PROBLEM REQUIREMENTS =
All of the listing below must be repeated word for word. Pictures are the only thing to omit.

SOURCE DATA =
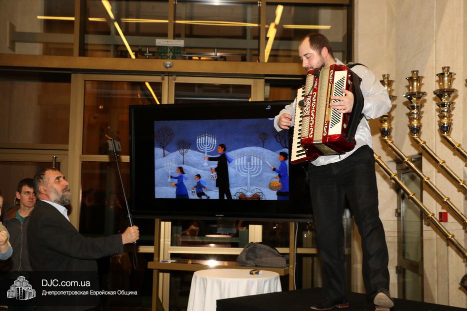 Главной звездой музыкальной части ханукального вечера в Галерее «Менора» стал аккордеонист-виртуоз Николай Шепель, который исполнил, как популярные еврейские мелодии, так и хиты, и шлягеры прошлых лет. Выступление Николая Шепеля весьма впечатлило публику, особенно младшее поколение.
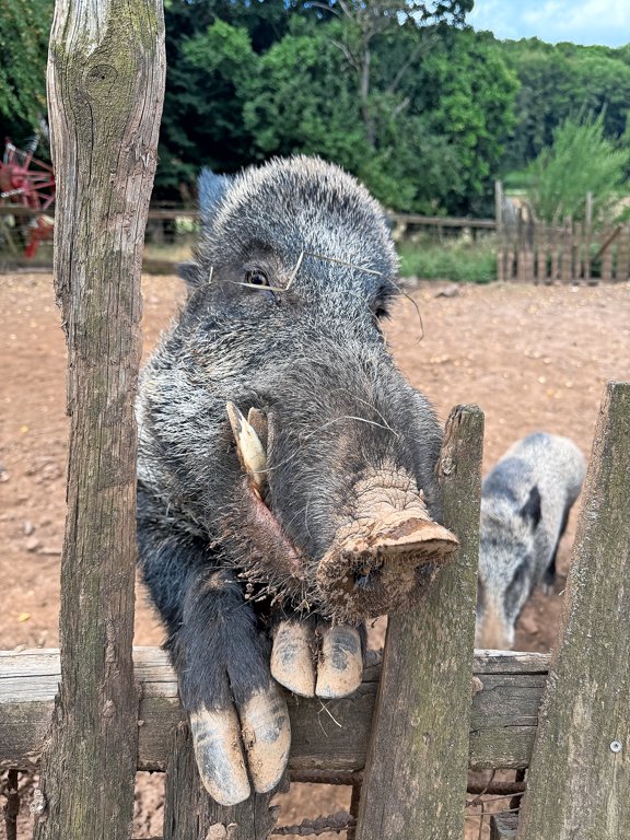 Die Alfelder Wikinger versorgen in ihrem Dorf auch zahlreiche Tiere. Dazu gehören Wollschweine und bretonische Wildschafe – aber auch drei Wildschweine. „Die habe ich mit der Hand aufgezogen“, verrät Berwyn. Geschlachtet oder geopfert werden die Tiere nicht. „Wir schlachten hier auch keine Schafe“, erklärt er. Diese sind schließlich Woll-Lieferant und Rasenmäher in einem.
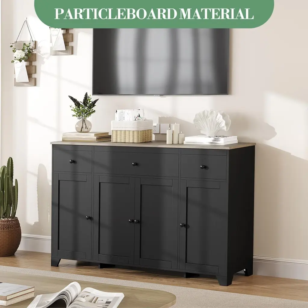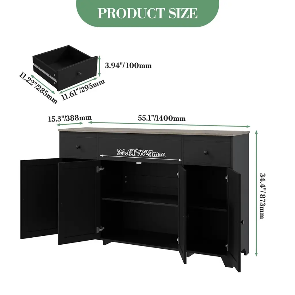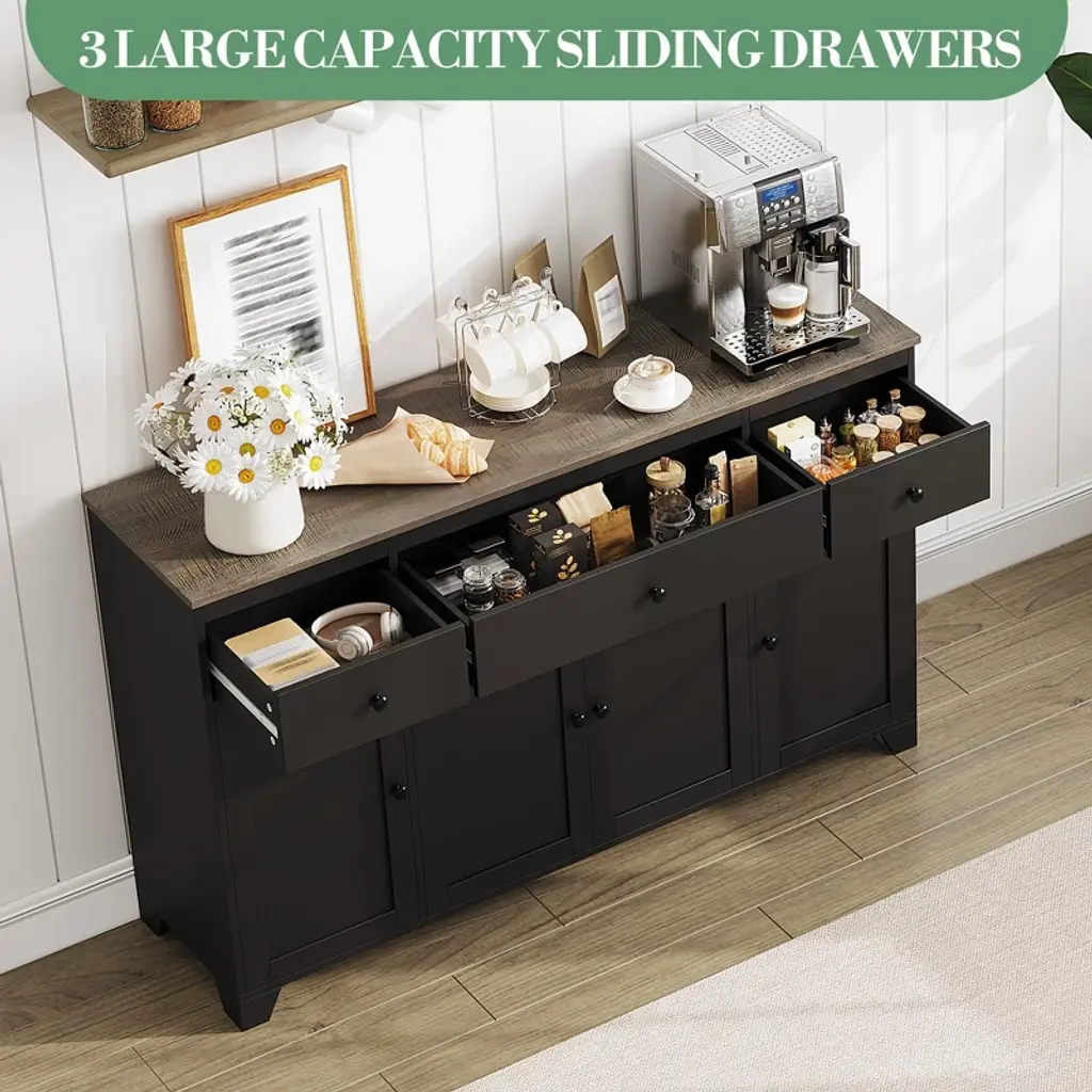 Feature:This 55" sideboard buffet cabinet blends modern simplicity with practical storage. Featuring three drawers and four doors with an adjustable interior shelf, it keeps dinnerware, cookware, and pantry items neatly organized while the open countertop offers space for appliances or a coffee bar. The clean-lined design fits contemporary and minimalist interiors, and durable construction ensures reliable daily use across dining rooms, kitchens, or living areas.Package Included:1 × 55" Sideboard Buffet Cabinet with 3 Drawers & 4 Doors

RESPONSE TO THE TASK =
 Главной звездой музыкальной части ханукального вечера в Галерее «Менора» стал аккордеонист-виртуоз Николай Шепель, который исполнил, как популярные еврейские мелодии, так и хиты, и шлягеры прошлых лет. Выступление Николая Шепеля весьма впечатлило публику, особенно младшее поколение.
 Die Alfelder Wikinger versorgen in ihrem Dorf auch zahlreiche Tiere. Dazu gehören Wollschweine und bretonische Wildschafe – aber auch drei Wildschweine. „Die habe ich mit der Hand aufgezogen“, verrät Berwyn. Geschlachtet oder geopfert werden die Tiere nicht. „Wir schlachten hier auch keine Schafe“, erklärt er. Diese sind schließlich Woll-Lieferant und Rasenmäher in einem.
 Feature:This 55" sideboard buffet cabinet blends modern simplicity with practical storage. Featuring three drawers and four doors with an adjustable interior shelf, it keeps dinnerware, cookware, and pantry items neatly organized while the open countertop offers space for appliances or a coffee bar. The clean-lined design fits contemporary and minimalist interiors, and durable construction ensures reliable daily use across dining rooms, kitchens, or living areas.Package Included:1 × 55" Sideboard Buffet Cabinet with 3 Drawers & 4 Doors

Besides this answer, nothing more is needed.